Table 2 Paired sample T-Tests and Bayesian T-Tests of mu/alpha power source estimate in individual AAL regions.

We tested the hypothesis that semantic access of verbs that describe motor actions involves dissociable regions of cortex from semantic access of verbs that do not describe motor actions. In support of this hypothesis, we observed significant differences between the ERPs elicited by these two classes of stimuli in a time-window 164–203 ms post-stimulus. Global dissimilarity analysis in this time-window provided strong evidence that the ERPs in response to motor and non-motor verbs are not generated by entirely overlapping regions of cortex (p = 0.004). This result is consistent with widely-accepted distributed views in which a concept’s semantic features are represented across cortices (see, for example38), but is not in itself sufficiently consistent with an embodied view of semantics, in which action concepts are considered to be represented within the cortical sensorimotor system.

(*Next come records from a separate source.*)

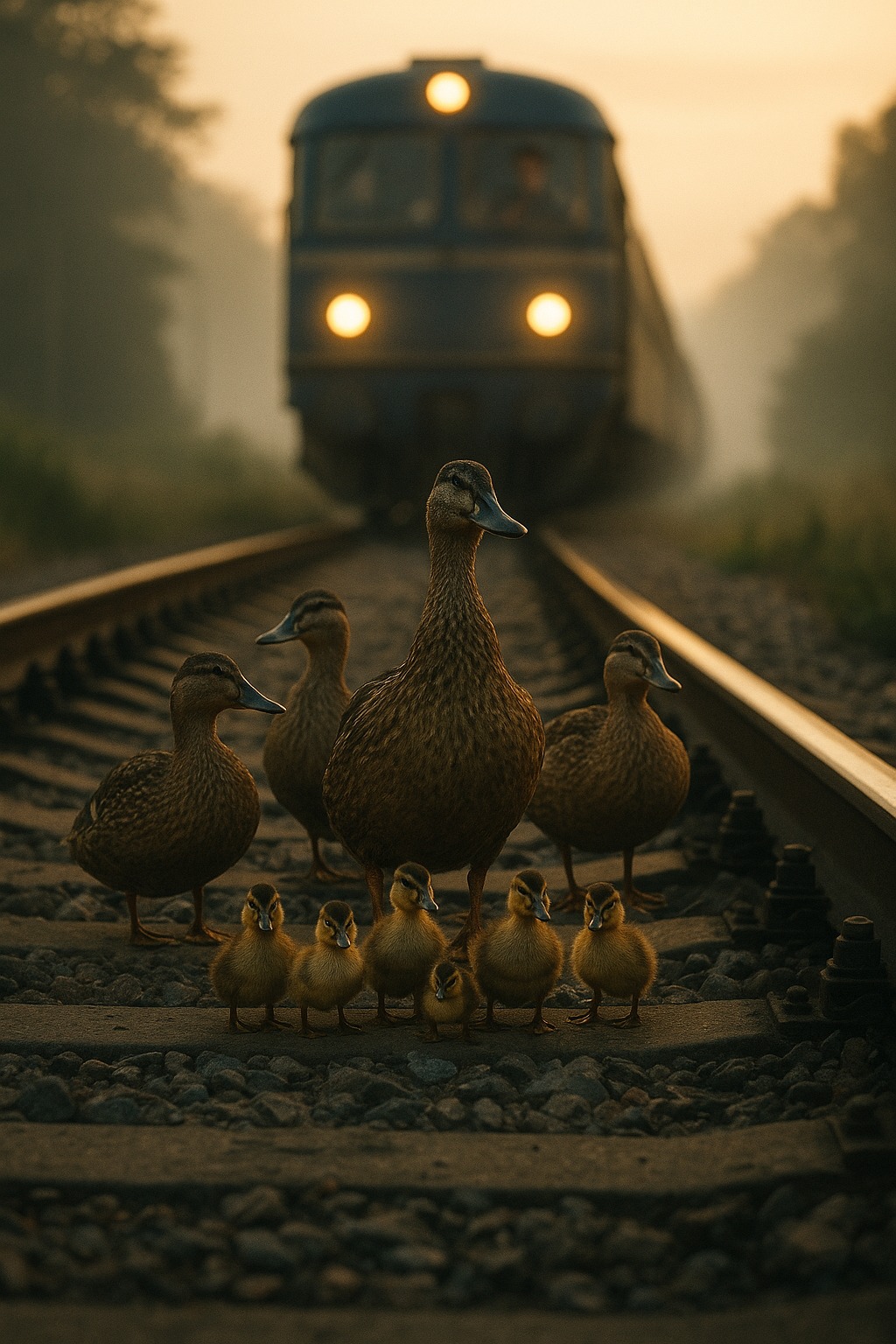 Rušňovodič s pomocníkom zišli z lokomotívy a pomaly sa priblížili. Až vtedy zistili, prečo kačice neodlietajú. Medzi podvalmi, priamo pod nimi, sedeli malé káčatká — niektoré uviazli medzi kameňmi. Dospelé kačice ich chránili, stojac nad nimi ako živý múr.
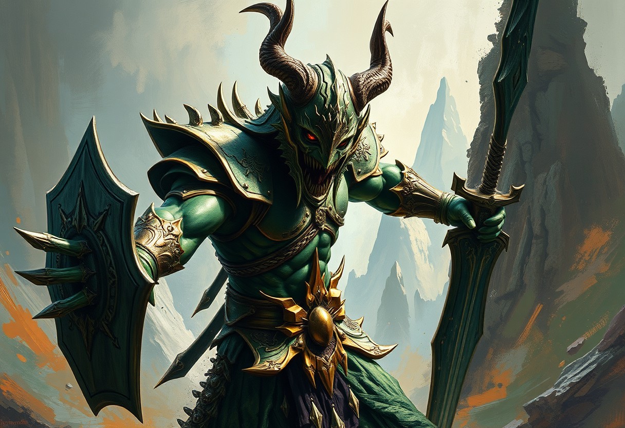 Surrealist oil painting of the hyper detailed action Berserkion the Electromagna Warrior from the video game "Dark Souls", depicted in a dynamic, almost distorted pose, left arm with shield reaching towards the viewer, right arm with sword poised. The character is rendered in rich green and gold textures, with intricate armor and a large horned helmet. The background is a dreamlike, abstract interpretation of a War Rock Mountain, rendered with thick, expressive Brush Strokes. Captivating Lighting casts dramatic shadows. High-res, 4K, Exceptional Quality, More Detail, Handcrafted with Precision, High Quality, Stunning Colors, Harmonious Colors, Multi Colored, Contemporary Aesthetics, Impeccable Composition, Creative Angle, Attractive Background, Balanced Editing, Intentional Focus. Elements suggestive of Grammer Effect Style, Splash Ink Illustration, Octane Render gloss, Unreal Engine 5 texture detail. Inspired by Raphael Style dynamism and Houdini Style complexity. Beautiful Detailed Eyes peek from the helmet. Conveying Vivid Emotions, Joyful Impact, Powerful Message through symbolic imagery. CGSociety, Artstation Trending on ArtstationHQ, Golden Ratio., very detailed.
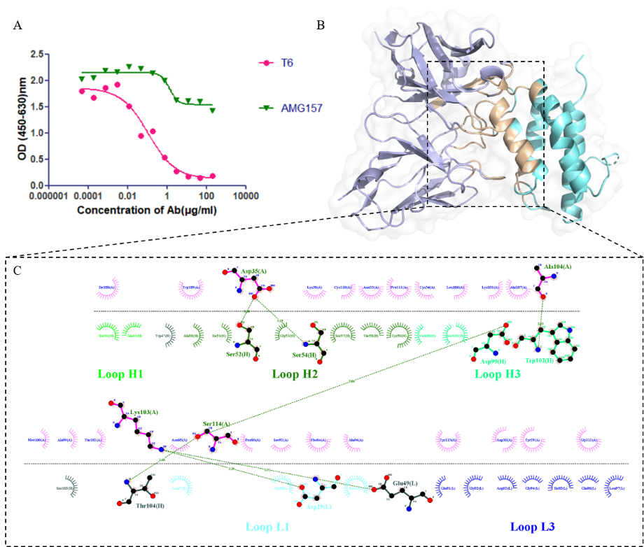 圖1:TSLP-T6復(fù)合物結(jié)構(gòu)分析。(A) ELISA實(shí)驗(yàn)測定AMG157與T6抗體的結(jié)合表位;(B) TSLP-T6復(fù)合物結(jié)構(gòu);(C) TSLP-T6作用力分析
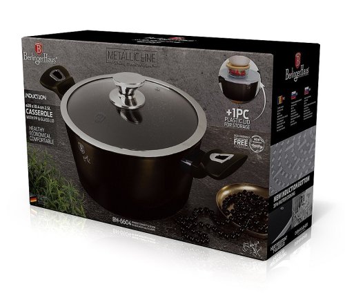 Kastról s mramorovým povrchom a pokrievkou v atraktívnom dizajne. Súčasťou kastróla je tiež presne padnúce silikónové viečko, ktoré vám uľahčia skladovanie uvareného jedla napríklad priamo v chladničke.
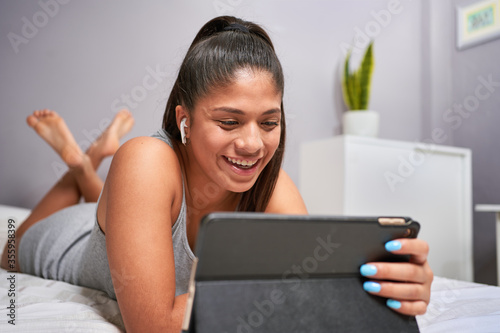 © Jonathan, Naklejka premium Young Latina studying and performing class assignments online with his computer from home for causes of coronavirus. Sitting at her table with leaves and pens. Videoconferencia con sus profesores.

The timing of our observed ERP effect is consistent with that reported in a study of Dutch arm action verbs and non-action verbs, in which ERPs diverged from 155–174 ms post-stimulus36. Furthermore, source estimation implicated bilateral motor cortices (precentral gyri) as generators of that effect, and was therefore interpreted as evidence for embodied semantics of action. While the early onset of our observed ERP difference is consistent with cortical activity in support of semantic access22, we found no evidence that this ERP effect originated within cortical regions that would be consistent with embodied semantics – e.g. occipito-temporal (perceptual) areas identified in a meta-analysis of fMRI and PET results33 or bilateral pre- and primary motor cortices (see Tables 1 and 4). While the difference between motor and non-motor verb trials on the source level shows its maximum over central and fronto-central areas (see Fig. 3), no significant clusters, nor differences in the tested AAL regions were observed. Indeed, all cluster p-values were >0.6, all AAL p-values were >0.25, and our Bayesian analyses suggested substantial evidence for the null hypothesis of no effect in all AAL regions of interest (BF10 < 0.333) apart from the left Pre-central Gyrus which exhibited weaker evidence but still in the favour of the null hypothesis. Taken together, these results are inconsistent with the hypothesised specific role of sensorimotor cortex in action verb comprehension.

Table 3 Descriptive and inferential statistics for each psycholinguistic variable across Motor and Non-Motor stimuli.
Table 4 MNI coordinates of the centre of mass of all investigated AAL regions and peak locations from the associated meta-analysis study (Watson et al.33).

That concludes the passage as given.